● What needs to be done:
Retype each line of the listing. Do not alter anything.
(Provided information Opens)
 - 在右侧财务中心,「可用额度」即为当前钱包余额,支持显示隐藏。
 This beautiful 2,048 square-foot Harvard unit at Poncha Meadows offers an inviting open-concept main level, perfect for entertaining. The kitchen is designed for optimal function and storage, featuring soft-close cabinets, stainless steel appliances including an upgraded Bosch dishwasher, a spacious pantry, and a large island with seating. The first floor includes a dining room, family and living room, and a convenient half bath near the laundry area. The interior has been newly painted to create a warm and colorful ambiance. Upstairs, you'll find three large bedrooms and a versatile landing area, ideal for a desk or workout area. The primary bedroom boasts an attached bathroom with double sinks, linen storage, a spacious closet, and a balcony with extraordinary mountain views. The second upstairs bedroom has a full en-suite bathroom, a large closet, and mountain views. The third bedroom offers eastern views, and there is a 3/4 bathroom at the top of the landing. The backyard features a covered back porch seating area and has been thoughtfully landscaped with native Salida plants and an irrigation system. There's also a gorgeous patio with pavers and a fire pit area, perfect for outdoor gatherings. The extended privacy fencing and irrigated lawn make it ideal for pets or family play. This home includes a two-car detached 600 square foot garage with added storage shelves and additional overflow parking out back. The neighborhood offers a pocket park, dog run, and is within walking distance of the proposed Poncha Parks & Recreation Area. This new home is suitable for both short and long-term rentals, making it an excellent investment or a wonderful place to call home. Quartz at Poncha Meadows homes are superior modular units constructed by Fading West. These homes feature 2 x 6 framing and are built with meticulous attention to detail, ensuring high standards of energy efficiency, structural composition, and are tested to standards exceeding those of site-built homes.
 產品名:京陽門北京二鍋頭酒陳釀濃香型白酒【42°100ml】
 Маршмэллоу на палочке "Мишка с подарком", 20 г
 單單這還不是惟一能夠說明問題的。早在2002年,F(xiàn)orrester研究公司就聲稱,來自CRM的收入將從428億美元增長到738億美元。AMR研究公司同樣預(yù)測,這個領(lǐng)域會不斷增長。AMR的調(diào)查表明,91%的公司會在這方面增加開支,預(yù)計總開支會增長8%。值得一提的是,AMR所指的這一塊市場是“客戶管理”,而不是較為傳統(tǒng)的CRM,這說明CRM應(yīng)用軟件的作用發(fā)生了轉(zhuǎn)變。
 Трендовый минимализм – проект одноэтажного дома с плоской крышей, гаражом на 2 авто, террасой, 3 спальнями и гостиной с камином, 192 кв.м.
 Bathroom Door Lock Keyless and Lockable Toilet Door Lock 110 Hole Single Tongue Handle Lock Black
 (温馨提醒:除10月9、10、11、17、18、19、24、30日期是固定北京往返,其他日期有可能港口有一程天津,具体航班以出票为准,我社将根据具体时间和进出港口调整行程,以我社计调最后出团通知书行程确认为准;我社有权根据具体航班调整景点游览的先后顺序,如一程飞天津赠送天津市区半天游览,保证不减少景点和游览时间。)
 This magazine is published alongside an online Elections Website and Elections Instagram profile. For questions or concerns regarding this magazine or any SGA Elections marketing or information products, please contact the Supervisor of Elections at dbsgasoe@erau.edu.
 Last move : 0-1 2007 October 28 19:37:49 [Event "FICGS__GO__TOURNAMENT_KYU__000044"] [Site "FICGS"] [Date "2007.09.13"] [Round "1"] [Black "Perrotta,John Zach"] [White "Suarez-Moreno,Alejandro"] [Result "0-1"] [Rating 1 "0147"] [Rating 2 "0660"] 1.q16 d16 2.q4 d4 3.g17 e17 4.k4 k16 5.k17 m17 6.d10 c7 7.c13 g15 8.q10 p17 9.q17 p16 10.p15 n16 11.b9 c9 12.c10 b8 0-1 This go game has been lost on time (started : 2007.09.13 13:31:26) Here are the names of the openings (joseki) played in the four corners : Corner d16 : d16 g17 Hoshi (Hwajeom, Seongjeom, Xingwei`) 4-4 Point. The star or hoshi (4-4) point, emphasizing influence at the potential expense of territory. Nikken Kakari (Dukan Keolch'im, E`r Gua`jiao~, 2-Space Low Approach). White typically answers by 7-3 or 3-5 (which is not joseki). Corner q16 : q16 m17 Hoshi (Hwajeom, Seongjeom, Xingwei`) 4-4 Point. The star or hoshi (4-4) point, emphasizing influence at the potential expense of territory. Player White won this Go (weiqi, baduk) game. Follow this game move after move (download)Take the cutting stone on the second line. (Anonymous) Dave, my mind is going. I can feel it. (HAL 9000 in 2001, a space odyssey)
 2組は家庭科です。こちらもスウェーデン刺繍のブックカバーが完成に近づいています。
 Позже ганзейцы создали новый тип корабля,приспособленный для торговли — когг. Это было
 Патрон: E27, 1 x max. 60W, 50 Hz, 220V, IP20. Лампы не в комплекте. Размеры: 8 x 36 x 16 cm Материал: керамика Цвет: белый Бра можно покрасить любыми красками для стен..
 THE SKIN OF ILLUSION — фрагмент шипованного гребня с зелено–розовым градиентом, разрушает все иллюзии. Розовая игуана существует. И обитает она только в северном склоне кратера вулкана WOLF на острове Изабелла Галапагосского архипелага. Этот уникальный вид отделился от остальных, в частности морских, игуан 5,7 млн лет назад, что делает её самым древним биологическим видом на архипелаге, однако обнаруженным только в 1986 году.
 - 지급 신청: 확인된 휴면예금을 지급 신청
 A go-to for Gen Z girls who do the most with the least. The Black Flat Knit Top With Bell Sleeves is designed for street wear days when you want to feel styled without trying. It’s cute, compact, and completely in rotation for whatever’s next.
(Provided information Closes)
● Response:
 - 在右侧财务中心,「可用额度」即为当前钱包余额,支持显示隐藏。
 This beautiful 2,048 square-foot Harvard unit at Poncha Meadows offers an inviting open-concept main level, perfect for entertaining. The kitchen is designed for optimal function and storage, featuring soft-close cabinets, stainless steel appliances including an upgraded Bosch dishwasher, a spacious pantry, and a large island with seating. The first floor includes a dining room, family and living room, and a convenient half bath near the laundry area. The interior has been newly painted to create a warm and colorful ambiance. Upstairs, you'll find three large bedrooms and a versatile landing area, ideal for a desk or workout area. The primary bedroom boasts an attached bathroom with double sinks, linen storage, a spacious closet, and a balcony with extraordinary mountain views. The second upstairs bedroom has a full en-suite bathroom, a large closet, and mountain views. The third bedroom offers eastern views, and there is a 3/4 bathroom at the top of the landing. The backyard features a covered back porch seating area and has been thoughtfully landscaped with native Salida plants and an irrigation system. There's also a gorgeous patio with pavers and a fire pit area, perfect for outdoor gatherings. The extended privacy fencing and irrigated lawn make it ideal for pets or family play. This home includes a two-car detached 600 square foot garage with added storage shelves and additional overflow parking out back. The neighborhood offers a pocket park, dog run, and is within walking distance of the proposed Poncha Parks & Recreation Area. This new home is suitable for both short and long-term rentals, making it an excellent investment or a wonderful place to call home. Quartz at Poncha Meadows homes are superior modular units constructed by Fading West. These homes feature 2 x 6 framing and are built with meticulous attention to detail, ensuring high standards of energy efficiency, structural composition, and are tested to standards exceeding those of site-built homes.
 產品名:京陽門北京二鍋頭酒陳釀濃香型白酒【42°100ml】
 Маршмэллоу на палочке "Мишка с подарком", 20 г
 單單這還不是惟一能夠說明問題的。早在2002年,F(xiàn)orrester研究公司就聲稱,來自CRM的收入將從428億美元增長到738億美元。AMR研究公司同樣預(yù)測,這個領(lǐng)域會不斷增長。AMR的調(diào)查表明,91%的公司會在這方面增加開支,預(yù)計總開支會增長8%。值得一提的是,AMR所指的這一塊市場是“客戶管理”,而不是較為傳統(tǒng)的CRM,這說明CRM應(yīng)用軟件的作用發(fā)生了轉(zhuǎn)變。
 Трендовый минимализм – проект одноэтажного дома с плоской крышей, гаражом на 2 авто, террасой, 3 спальнями и гостиной с камином, 192 кв.м.
 Bathroom Door Lock Keyless and Lockable Toilet Door Lock 110 Hole Single Tongue Handle Lock Black
 (温馨提醒:除10月9、10、11、17、18、19、24、30日期是固定北京往返,其他日期有可能港口有一程天津,具体航班以出票为准,我社将根据具体时间和进出港口调整行程,以我社计调最后出团通知书行程确认为准;我社有权根据具体航班调整景点游览的先后顺序,如一程飞天津赠送天津市区半天游览,保证不减少景点和游览时间。)
 This magazine is published alongside an online Elections Website and Elections Instagram profile. For questions or concerns regarding this magazine or any SGA Elections marketing or information products, please contact the Supervisor of Elections at dbsgasoe@erau.edu.
 Last move : 0-1 2007 October 28 19:37:49 [Event "FICGS__GO__TOURNAMENT_KYU__000044"] [Site "FICGS"] [Date "2007.09.13"] [Round "1"] [Black "Perrotta,John Zach"] [White "Suarez-Moreno,Alejandro"] [Result "0-1"] [Rating 1 "0147"] [Rating 2 "0660"] 1.q16 d16 2.q4 d4 3.g17 e17 4.k4 k16 5.k17 m17 6.d10 c7 7.c13 g15 8.q10 p17 9.q17 p16 10.p15 n16 11.b9 c9 12.c10 b8 0-1 This go game has been lost on time (started : 2007.09.13 13:31:26) Here are the names of the openings (joseki) played in the four corners : Corner d16 : d16 g17 Hoshi (Hwajeom, Seongjeom, Xingwei`) 4-4 Point. The star or hoshi (4-4) point, emphasizing influence at the potential expense of territory. Nikken Kakari (Dukan Keolch'im, E`r Gua`jiao~, 2-Space Low Approach). White typically answers by 7-3 or 3-5 (which is not joseki). Corner q16 : q16 m17 Hoshi (Hwajeom, Seongjeom, Xingwei`) 4-4 Point. The star or hoshi (4-4) point, emphasizing influence at the potential expense of territory. Player White won this Go (weiqi, baduk) game. Follow this game move after move (download)Take the cutting stone on the second line. (Anonymous) Dave, my mind is going. I can feel it. (HAL 9000 in 2001, a space odyssey)
 2組は家庭科です。こちらもスウェーデン刺繍のブックカバーが完成に近づいています。
 Позже ганзейцы создали новый тип корабля,приспособленный для торговли — когг. Это было
 Патрон: E27, 1 x max. 60W, 50 Hz, 220V, IP20. Лампы не в комплекте. Размеры: 8 x 36 x 16 cm Материал: керамика Цвет: белый Бра можно покрасить любыми красками для стен..
 THE SKIN OF ILLUSION — фрагмент шипованного гребня с зелено–розовым градиентом, разрушает все иллюзии. Розовая игуана существует. И обитает она только в северном склоне кратера вулкана WOLF на острове Изабелла Галапагосского архипелага. Этот уникальный вид отделился от остальных, в частности морских, игуан 5,7 млн лет назад, что делает её самым древним биологическим видом на архипелаге, однако обнаруженным только в 1986 году.
 - 지급 신청: 확인된 휴면예금을 지급 신청
 A go-to for Gen Z girls who do the most with the least. The Black Flat Knit Top With Bell Sleeves is designed for street wear days when you want to feel styled without trying. It’s cute, compact, and completely in rotation for whatever’s next.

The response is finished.